■ EXERCISE DESCRIPTION: Please return the data that follows precisely as written, but without the images.

■ INFORMATION SHOWN:
────────
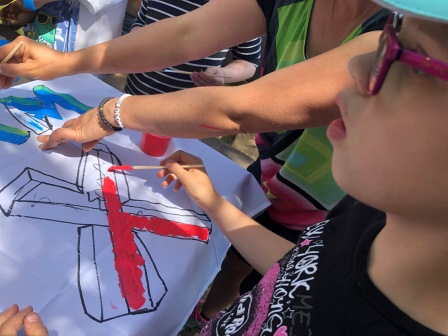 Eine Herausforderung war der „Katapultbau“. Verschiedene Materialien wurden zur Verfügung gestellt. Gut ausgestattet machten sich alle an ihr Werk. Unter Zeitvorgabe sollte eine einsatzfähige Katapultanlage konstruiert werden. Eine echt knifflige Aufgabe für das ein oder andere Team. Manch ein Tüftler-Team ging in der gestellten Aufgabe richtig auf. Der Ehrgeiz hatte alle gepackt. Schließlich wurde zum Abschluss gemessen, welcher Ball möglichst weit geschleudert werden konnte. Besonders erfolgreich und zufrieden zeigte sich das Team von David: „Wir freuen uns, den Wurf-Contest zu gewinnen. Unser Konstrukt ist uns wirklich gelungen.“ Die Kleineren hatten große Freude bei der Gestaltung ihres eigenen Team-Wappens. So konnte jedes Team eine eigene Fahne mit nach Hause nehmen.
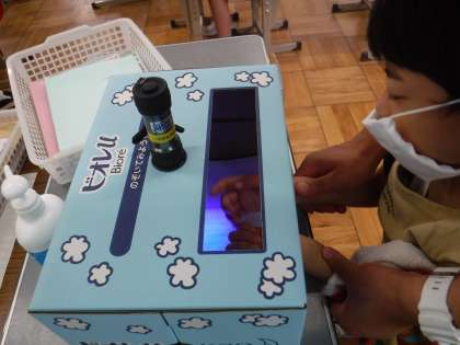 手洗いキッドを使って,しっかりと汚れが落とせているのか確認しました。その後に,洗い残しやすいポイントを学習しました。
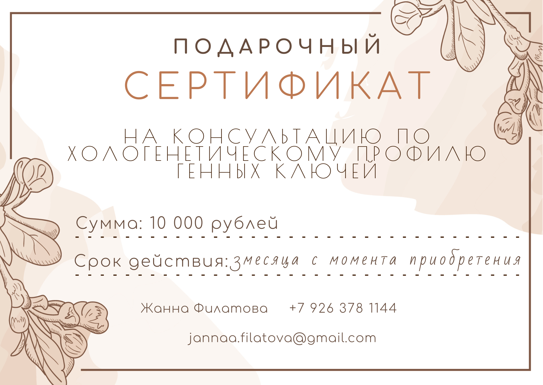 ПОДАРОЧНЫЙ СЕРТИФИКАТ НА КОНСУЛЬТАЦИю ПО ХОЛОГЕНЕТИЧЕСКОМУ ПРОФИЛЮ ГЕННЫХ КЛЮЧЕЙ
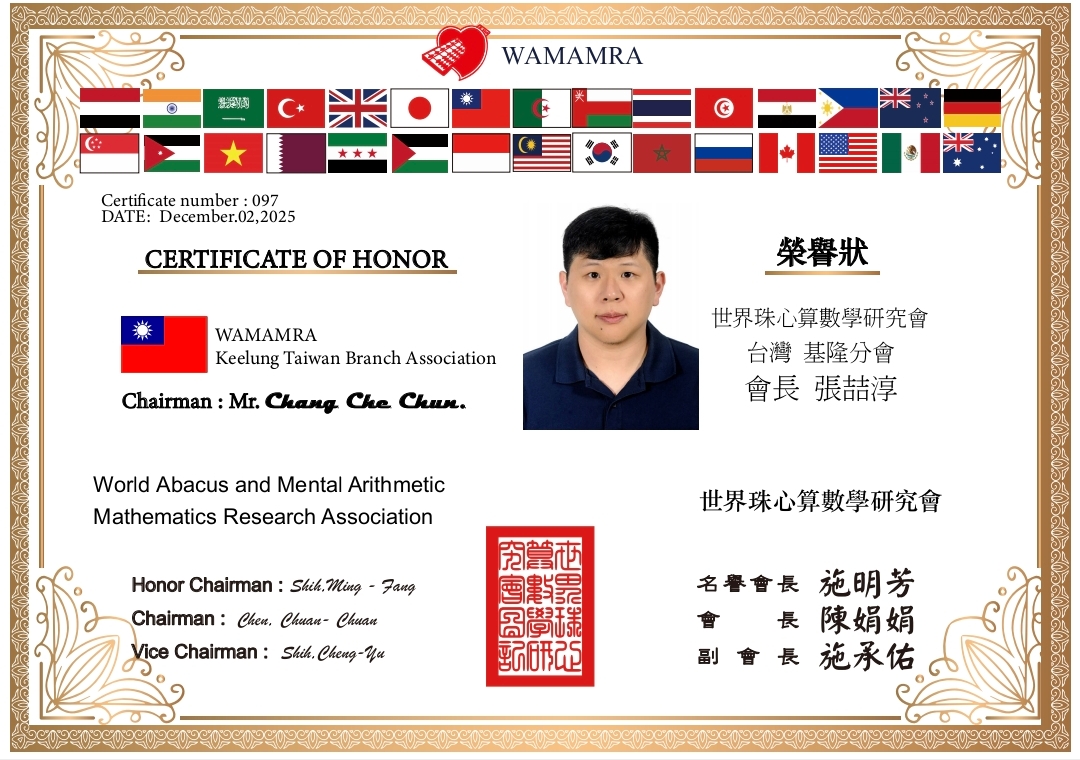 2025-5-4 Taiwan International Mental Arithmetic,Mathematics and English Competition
────────
■ YOUR RESPONSE:
 Eine Herausforderung war der „Katapultbau“. Verschiedene Materialien wurden zur Verfügung gestellt. Gut ausgestattet machten sich alle an ihr Werk. Unter Zeitvorgabe sollte eine einsatzfähige Katapultanlage konstruiert werden. Eine echt knifflige Aufgabe für das ein oder andere Team. Manch ein Tüftler-Team ging in der gestellten Aufgabe richtig auf. Der Ehrgeiz hatte alle gepackt. Schließlich wurde zum Abschluss gemessen, welcher Ball möglichst weit geschleudert werden konnte. Besonders erfolgreich und zufrieden zeigte sich das Team von David: „Wir freuen uns, den Wurf-Contest zu gewinnen. Unser Konstrukt ist uns wirklich gelungen.“ Die Kleineren hatten große Freude bei der Gestaltung ihres eigenen Team-Wappens. So konnte jedes Team eine eigene Fahne mit nach Hause nehmen.
 手洗いキッドを使って,しっかりと汚れが落とせているのか確認しました。その後に,洗い残しやすいポイントを学習しました。
 ПОДАРОЧНЫЙ СЕРТИФИКАТ НА КОНСУЛЬТАЦИю ПО ХОЛОГЕНЕТИЧЕСКОМУ ПРОФИЛЮ ГЕННЫХ КЛЮЧЕЙ
 2025-5-4 Taiwan International Mental Arithmetic,Mathematics and English Competition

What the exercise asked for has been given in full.